Wouldn't it be nice to add more examples of how to reverse proxying with Nginix and having another section with an in-depth look at SSL security like here [1]? --T.ask (talk) 11:16, 9 March 2014 (UTC)

systemd fails to start php-fpm with settings in this article

systemd gave error "Failed to get D-Bus connection". To fix, change the following in /etc/php/php-fpm.conf :

;error_log = log/php-fpm.log

to

error_log = /var/log/php-fpm.log

Not sure if this is confirmed, but seems to be common. Source: Installing Nginx With PHP5

Does anybody with wikiskills want to make the changes? I am new to wiki editing.

Check Help:Editing and Help:Style, it is a good opportunity to get involved. -- Fengchao (talk) 05:54, 20 March 2013 (UTC)

Running nginx jailed

Wouldn't be better to use systemd's RootDirectory= User= & Group= Options in the [Service] section instead of running each Exec* with chroot?

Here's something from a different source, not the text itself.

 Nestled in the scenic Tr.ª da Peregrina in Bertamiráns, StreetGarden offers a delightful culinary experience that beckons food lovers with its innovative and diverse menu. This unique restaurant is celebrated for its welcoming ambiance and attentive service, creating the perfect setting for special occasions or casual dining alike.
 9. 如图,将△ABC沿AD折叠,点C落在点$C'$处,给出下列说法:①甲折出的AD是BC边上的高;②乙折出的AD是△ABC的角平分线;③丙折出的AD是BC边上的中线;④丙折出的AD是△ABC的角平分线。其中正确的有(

/etc/sistemd/system/nginx.service
[Unit]
Description=A high performance web server and a reverse proxy server
After=syslog.target network.target

[Service]
Type=forking
RootDirectory=/srv/http
User=http
Group=http
PIDFile=/run/nginx.pid
ExecStartPre=/usr/sbin/nginx -t -q -g 'pid /run/nginx.pid; daemon on; master_process on;'
ExecStart=/usr/sbin/nginx -g 'pid /run/nginx.pid; daemon on; master_process on;'
ExecReload=/usr/sbin/nginx -g 'pid /run/nginx.pid; daemon on; master_process on;' -s reload
ExecStop=/usr/sbin/nginx -g 'pid /run/nginx.pid;' -s quit

[Install]
WantedBy=multi-user.target

Also Jail's /tmp and /run tmpfs should be added to fstab for the service to load on reboot.

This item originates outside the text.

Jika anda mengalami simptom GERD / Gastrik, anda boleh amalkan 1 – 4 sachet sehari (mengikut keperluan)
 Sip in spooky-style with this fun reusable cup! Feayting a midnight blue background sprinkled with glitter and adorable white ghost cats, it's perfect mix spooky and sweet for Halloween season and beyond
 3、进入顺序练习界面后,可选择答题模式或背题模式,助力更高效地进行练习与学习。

Bash Script for the Whole Setup

I've created a bash script to run all the steps in the setup described in the main article:

https://gist.github.com/adityamukho/7365731

This can be used as is, for 64-bit systems. For 32-bit systems, a few modifications need to be made, esp line 41.

Copying libraries

This one-liner should take care of all the libraries, not just the ones in /usr/lib, provided they are all listed as absolute paths:

# ldd /usr/bin/nginx | sed -n 's!.*\(\s\|^\)\(/\S\+\).*!\2!p' | while read -r LIB; do cp "$LIB" "$JAIL$LIB"; done

I too have made a bash script which automates this tutorial:

https://github.com/bdusell/make-jailed-nginx/blob/master/make-jailed-nginx

CA certificates

I would suggest adding a comment about tls-ca-bundle.pem file that should be made available from chroot jail. I was running mantis on installation described in this wiki and found out emails have not been working. After making tls-ca-bundle.pem available everything is working again.

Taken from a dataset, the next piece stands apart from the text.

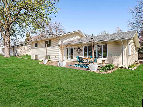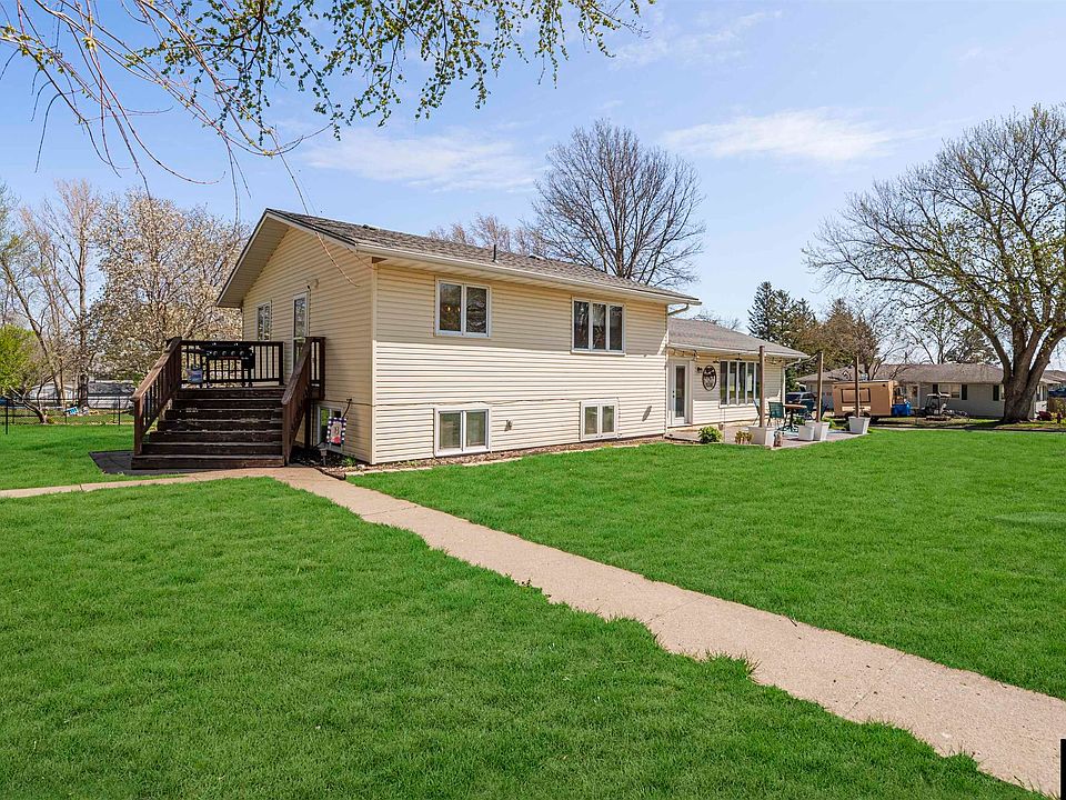 Wanting to see a home that checks every box? This beautifully updated five bedroom home sits on a spacious corner lot in Schaller. This is one of the only homes in town with a four-stall garage, giving you unmatched space for vehicles, hobbies, or storage. Step inside to a modern eat-in kitchen with a large center island, perfect for casual dining or entertaining. The open-concept living room offers plenty of space for gatherings, while sliding doors lead to a brand-new stamped concrete patio (2023) for outdoor enjoyment. The main level features a bright guest bedroom and a newly remodeled full bath, ideal for visitors or multi-generational living. Down the hall, a 2016 addition expands the layout with two spacious bedrooms and a private master suite complete with its own bath and walk-in closet. Downstairs, the finished basement includes a large family room with endless possibilities, plus a fifth bedroom with new flooring (2021). The unfinished portion offers excellent potential for a workshop, home gym, or future expansion. With generous living spaces, extensive storage, and thoughtful updates throughout, this home is truly move-in ready and offers comfort, functionality, and style in one remarkable package.

Gregosky (talk) 22:23, 3 February 2015 (UTC)Gregosky

PHP garbage collector (session files removal) in chrooted environment

I noticed session files are not being removed automaticaly when running nginx from chrooted configuration. If left not maintained /srv/http/tmp will grow in size and in time may even take down whole server (if /srv does not reside within separate file system).

Gregosky (talk) 23:29, 28 April 2015 (UTC)Gregosky

Explain about listen owner and user of process

I think that it will be better if in article anybody explained, that it is necessary to correctly configure listen.owner of socket and Unix user/group of processes. — Agent0 (talk|contribs) 15:01, 29 July 2015 (UTC)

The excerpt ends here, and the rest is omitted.